SNC-Lavalin case shows why we should review foreign corruption laws

By | CPIJ in the Media, Nouvelles

Joanna Harrington | The Conversation

26 February 2019 – The controversy in Canada involving Québec-based corporate giant SNC-Lavalin highlights the need for a parliamentary review of the legal scheme for fighting foreign corruption.

Underpinning the scandal is a corporate criminal prosecution for the alleged bribery of Libyan officials by SNC-Lavalin officials and the question of a plea deal. Since corporations cannot do jail time, a fine is the obvious punishment. But how large should the fine be, and with what consequences? Should SNC-Lavalin be barred from consideration for future government contracts?

The SNC-Lavalin headquarters in Montreal. THE CANADIAN PRESS/Paul Chiasson

It was only in 1999 — almost 20 years to the day of the Globe and Mail‘s report about allegations that Canada’s former attorney general felt pressured to help SNC-Lavalin — that the bribery of a foreign public official became a crime under Canadian law.

Until then, paying a bribe or kickback to secure a contract abroad was seen as the cost of doing business in a foreign land.

Pushed as a fast-tracked initiative, with all-party support, passage of the Corruption of Foreign Public Officials Act was a foregone conclusion. Introduced in the Senate in December 1998, the law received only two days of parliamentary consideration, before it was brought into force in February 1999.

Speedy passage, however, meant that Parliament had not set aside any time to consider the more delicate details, such as the role of plea deals to save court time. And parliamentarians had failed to consider the question of who are the victims of foreign corruption, because plea deals are likely to involve the payment of a victim surcharge to fund victims assistance programs.

Why was Canada so keen to rush this new law into place?
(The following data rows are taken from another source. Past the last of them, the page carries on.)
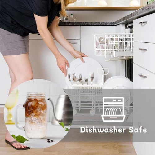 ANOTION Mason Jar with Lid and Straw, 24 oz Regular Mouth Mason Jars with Handle Drinking Glasses Tumbler Reusable Cups Smoothie Water Bottles for Iced Coffee (Classic 2 cups Style)
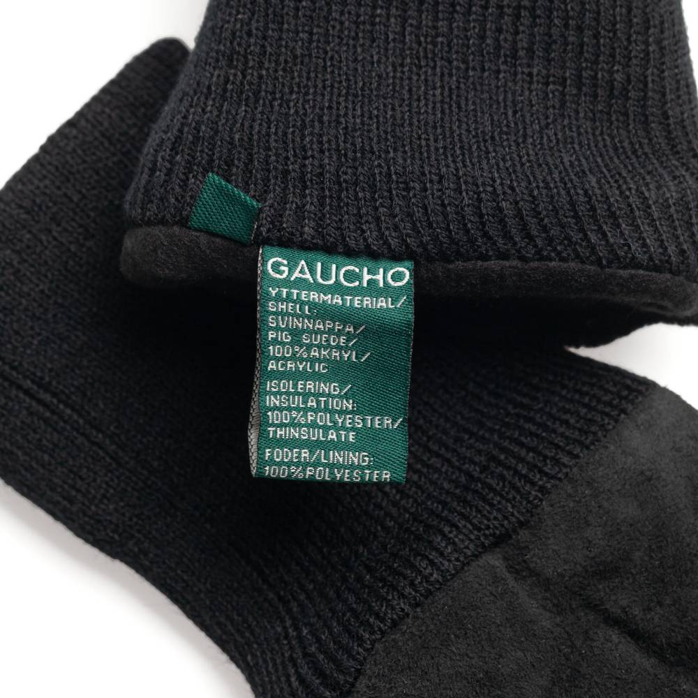 Стильные мужские перчатки GAUCHO чёрного цвета. Модель сочетает в себе разные фактуры: детали из мягкой и прочной замши соединены вязаными вставками, которые обеспечивают более комфортную посадку. Длинные вязаные манжеты можно носить подвернутыми — или расправить их, чтобы дополнительно согреть запястья во время долгих прогулок на свежем воздухе. Приятная на ощупь флисовая подкладка дополнена лёгким и тонким утеплителем Thinsulate™. Такой тип перчаток из сочитания двух материалов особенно популярен в Шведции и, можно сказать, является национальным и традиционным дизайном страны.
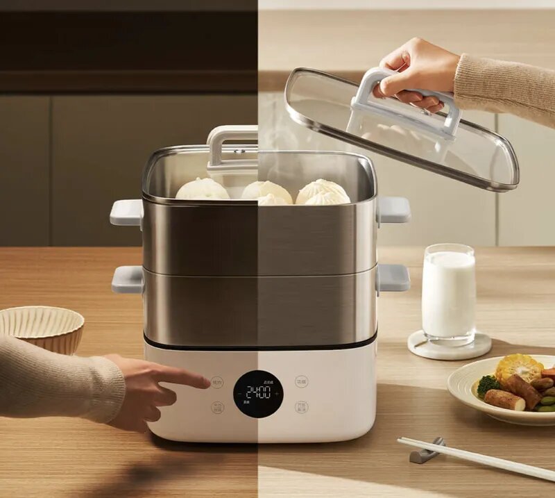 Пароварка Xiaomi Mijia S1 1500W оснащена интеллектуальным контролем температуры благодаря встроенному NTC-термостату. В отличие от механических аналогов типа Redmond Steamer RST-M1405, электронный модуль поддерживает точность ±2°C, что предотвращает перегрев овощей и сохраняет витамины. Конденсатоотводящая система с тремя каналами решает проблему скопления воды на кухонных поверхностях – по данным лабораторных тестов, влагопоглощение снижено на 67%.
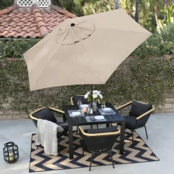 Astella 9-ft Solid Push-Button Tilt Market Patio Umbrella, Antique Beige
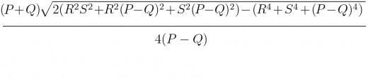 Tuy nhiên nếu bài toán cho thêm vài dữ kiện ví dụ như tính diện tích hình thang khi biết độ dài 4 cạnh và có nõi rõ cạnh đáy là cạnh nào thì có thể tính được diện tích hình thang, ví dụ chúng tao có các cạnh đấy Q P, trong đó cạnh đáy P dài hơn và 2 cạnh bên R và S.
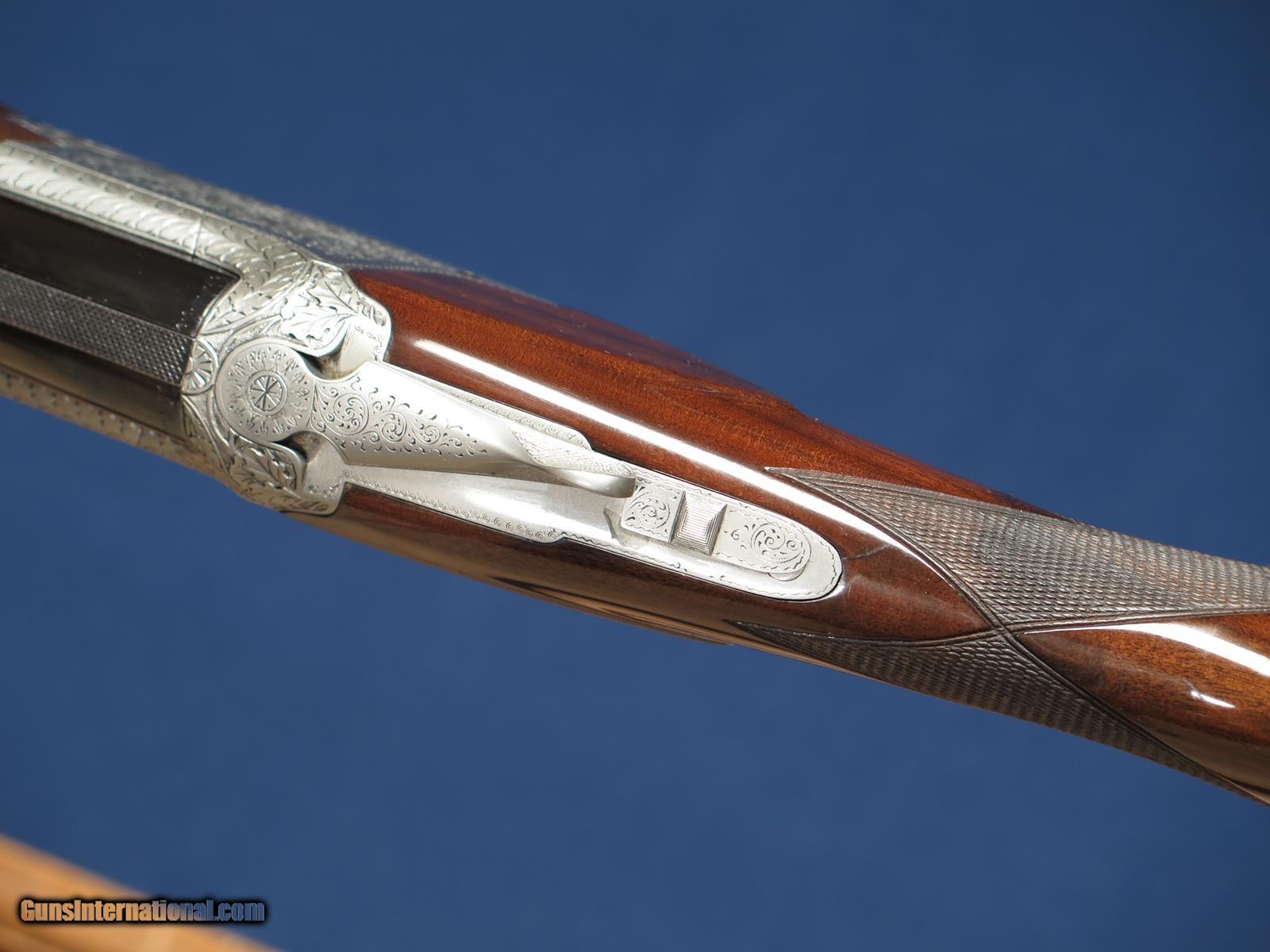 Description: Browning Superposed Pigeon grade 12ga 2 bbl set. SN 67,9XX 1958 mfg. Round knob, long tang. 28 inch IC & Mod + 30 inch Mod & Full. Looks like factory restored. Small varnish crack by top tang. Excellent condition and bores. 14 3/8 LOP butt plate. SOLD |
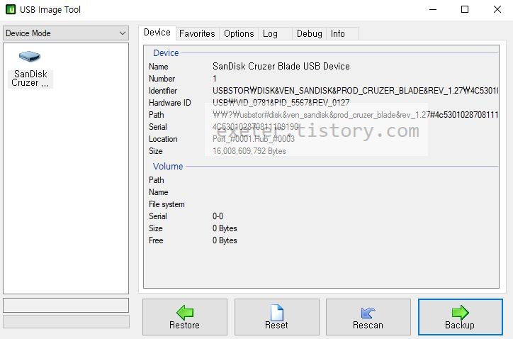 2) 오른쪽 [Device] 탭에서 선택한 드라이브의 정보 확인
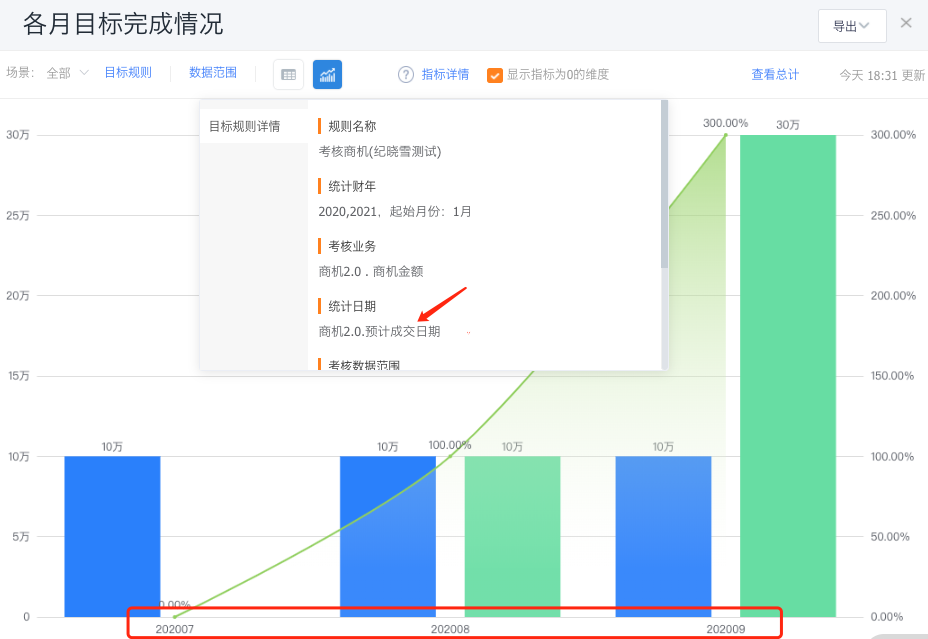 - 当时间筛选为自定义时间段,目标值取包含的所有月份,比如:2018-9-28至2018-12-5,则目标值取包含9、10、11、12月的目标值之和
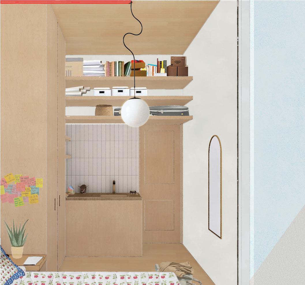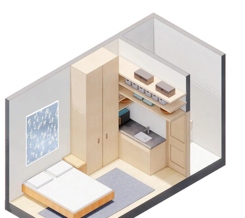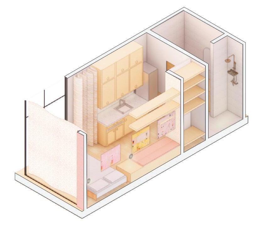 Tenants have the freedom to decorate their residences as they would like. The prefabricated units are moved into the building with a crane into communal clusters with kitchen and living spaces in the voids. The ground floor is home to a market, reception, laundry and fitness areas with a generous courtyard bridging the two buildings.
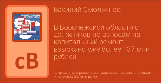 В Воронежской области с должников по взносам на капитальный ремонт взыскано уже более 137 млн рублей
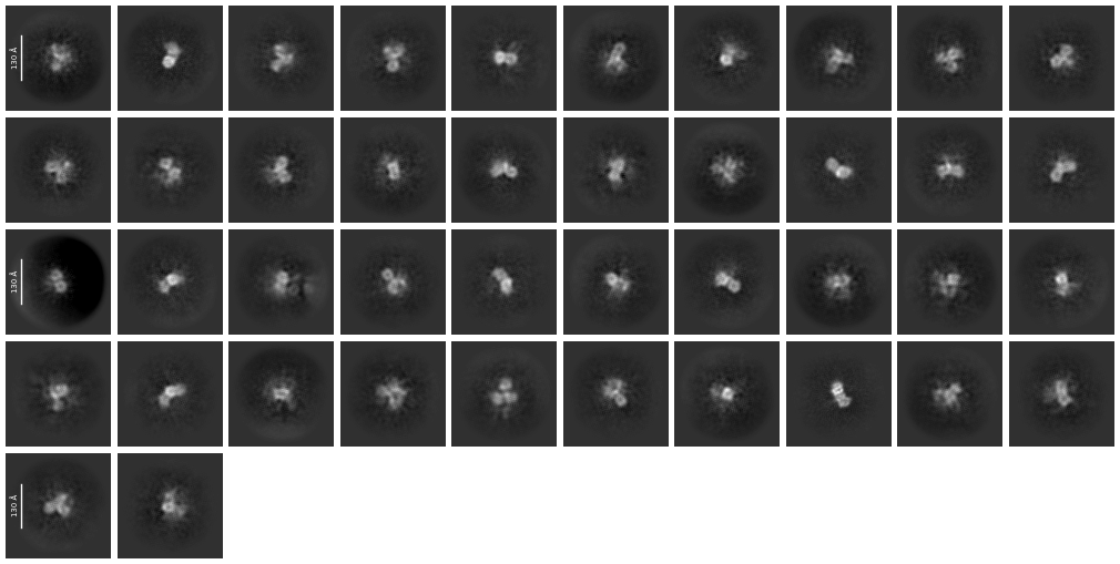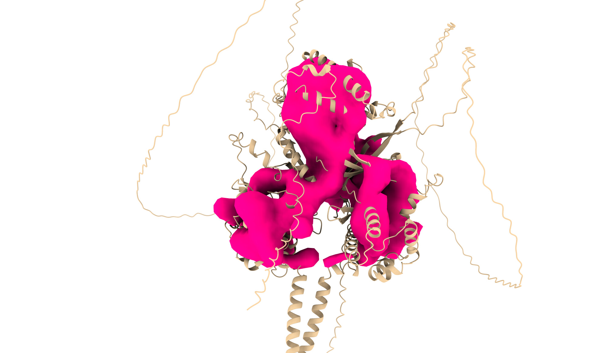 We keep getting “hollow” structures, often with very few structural details. From the 2D Classes, we frequently have three three-lobe structures, which are very much in line with the predicted structure. Ab initio structures overlayed with the alphafold structure produce what you would expect - a three-lobed but “hollow” structure - each of the lobes has massive holes going through them.The 2D classes also appear to show this also, there are block dots in the middle of each lobe.
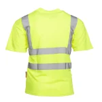 Model Brixton Flash BF-009 to profesjonalna, ostrzegawcza koszulka z krótkim rękawem (T-shirt), dedykowana dla drogowców, budowlańców i logistyków. Wykonana w 100% z elastycznej, jaskrawej tkaniny poliestrowej, zapewnia wysoką odporność na uszkodzenia oraz komfort w upalne dni. Maksymalne bezpieczeństwo na stanowisku pracy zostało zagwarantowane poprzez naszycie podwójnych pasów odblaskowych w układzie pionowym i poziomym, co ułatwia wzrokowe zasygnalizowanie obecności pracownika w każdych warunkach. Koszulka charakteryzuje się solidnym wykończeniem z użyciem wytrzymałych nici oraz elastycznego ściągacza przy dekolcie. Jest to w pełni certyfikowana odzież (Kategoria II, Klasa 2), która spełnia rygorystyczne normy bezpieczeństwa

The answer lies in international pressure.

The OECD Anti-Bribery Convention

In mid-1998, Canada and other G8 states made a commitment to ratify the Organisation for Economic Co-operation and Development’s (OECD) Anti-Bribery Convention before the year’s end. The OECD is the international club of countries with advanced economies.

It was this keenness to join that led Canadian parliamentarians to accept the Corruption of Foreign Public Officials Act, the legislation that put into motion the OECD convention’s terms. Those terms include a provision that the investigation and prosecution of foreign bribery “shall not be influenced by considerations of national economic interest, the potential effect upon relations with another State or the identity of the natural or legal persons involved.”

Canada also accepted the supply-side focus of the OECD’s approach — often called active bribery — as it focuses on the conduct of the one offering the bribes. But the demand side of foreign bribery isn’t always passive if an individual recipient encourages a corporate payment, and so the demand-side aspect is worthy of further parliamentary review in Canada.

Indeed, after a study in 2008, the Law Commission of England and Walesconcluded there should be two general offences of bribery, one for the conduct of the payer and the other for the conduct of the recipient.

Illegal to offer rewards to foreign officials

Corruption takes a variety of forms, with bribery being the standard offence for addressing corruption in the public sphere.

With the Canadian Corruption of Foreign Public Officials Act in place, it is illegal to offer undue rewards to foreign public officials to obtain improper advantages in the conduct of international business. The act has created work for business lawyers offering compliance advice.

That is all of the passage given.